Now we have a quadratic equation that we can solve using the quadratic formula: x = (-b ± √(b^2 - 4ac))/(2a) x = (-192 ± √((192)^2 - 41144))/(2*1) x = (-192 ± √(36864 - 576))/2 x = (-192 ± √(36288))/2 x = (-192 ± 190.5)/2
Now we have two possible solutions for x: x = (-192 + 190.5)/2 = -1.5/2 ≠ -0.5 x = (-192 - 190.5)/2 = -382.5/2 = -191.25
Therefore, the solution to the equation √(15-x) + √(3-x) = 6 is x = -191.25.
2) To solve the inequality √(x+8) > x+2, we need to isolate the radical term and square both sides to eliminate the radical.

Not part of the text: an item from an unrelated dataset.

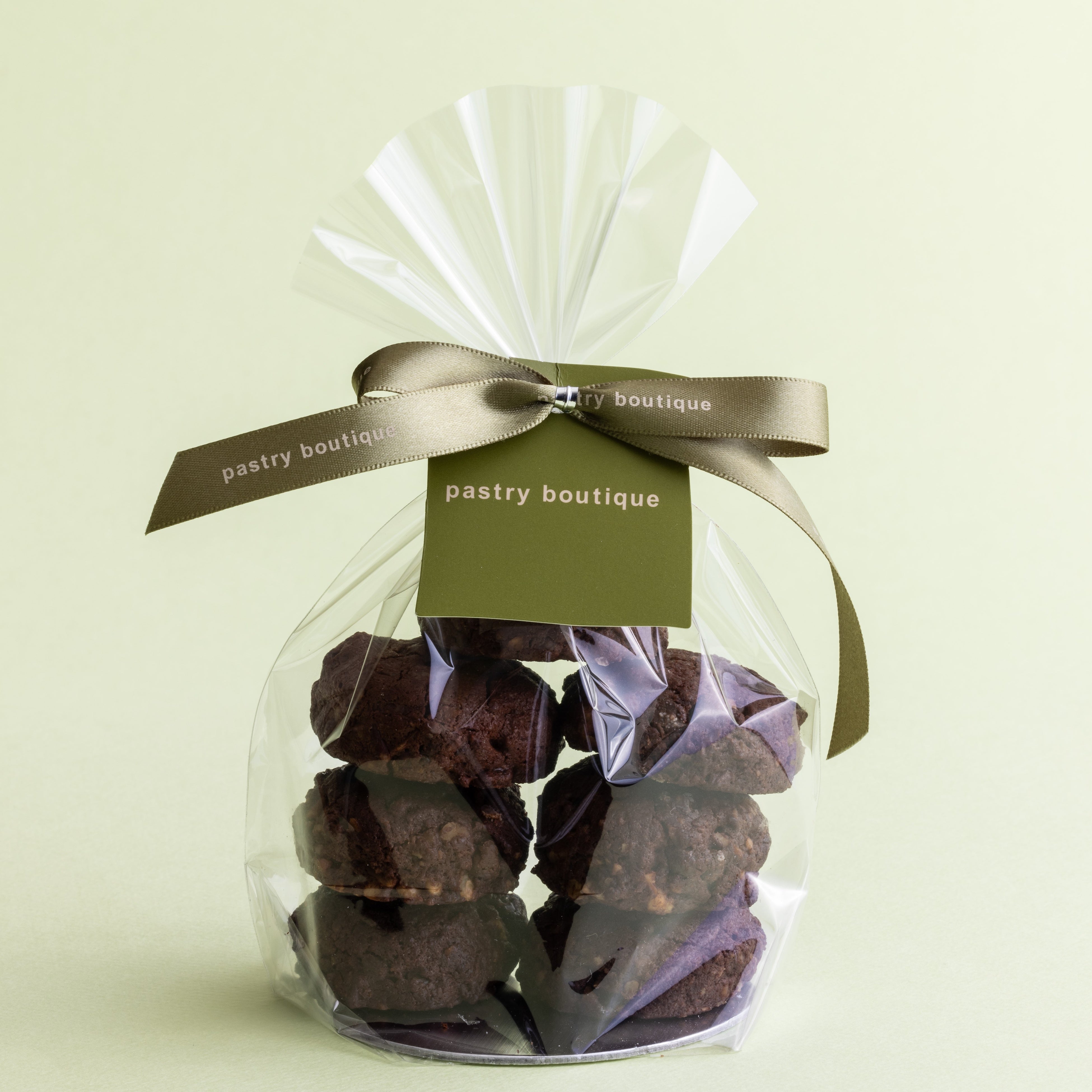 ココアを使わず、ダークチョコレートだけで作ったチョコレートチップクッキー。ダークチョコレートのほろ苦さにチョコレートチップのほどよい甘さを運びます。ピーカンナッツとクルミがアクセントの大人の味わいのクッキーです。800円(税込)配送不可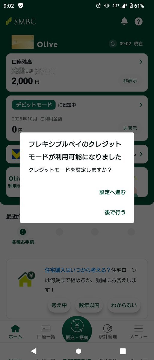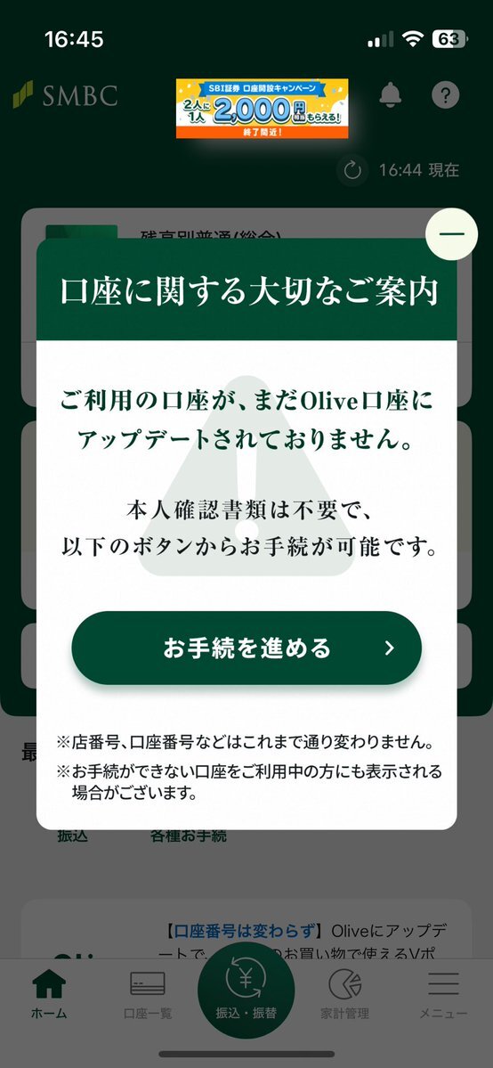 Oliveにどんな利点があろうがこういう勧誘方法を使ってくる時点で絶対切り替えないし次の日ライフステージ変更の折に三井住友はメインバンクから外す予定で準備してる。鬱陶しいんだよ

Let's start by isolating the radical term on one side: √(x+8) > x+2
Rearrange to isolate the quadratic terms on one side: 0 > x^2 + 4x + 4 - x - 8 0 > x^2 + 3x - 4
Now we have a quadratic inequality that we can solve by factoring or using the quadratic formula. Factoring, we get: 0 > (x + 4)(x - 1)
Setting each factor to zero to find the critical points: x + 4 = 0 -> x = -4 x - 1 = 0 -> x = 1
The critical points divide the number line into three intervals: (-∞, -4), (-4, 1), and (1, ∞). Testing a value in each interval will determine if it satisfies the inequality:
1) Choose x = -5 (in interval -∞ to -4): √(-5+8) > -5+2 √3 > -3 (true)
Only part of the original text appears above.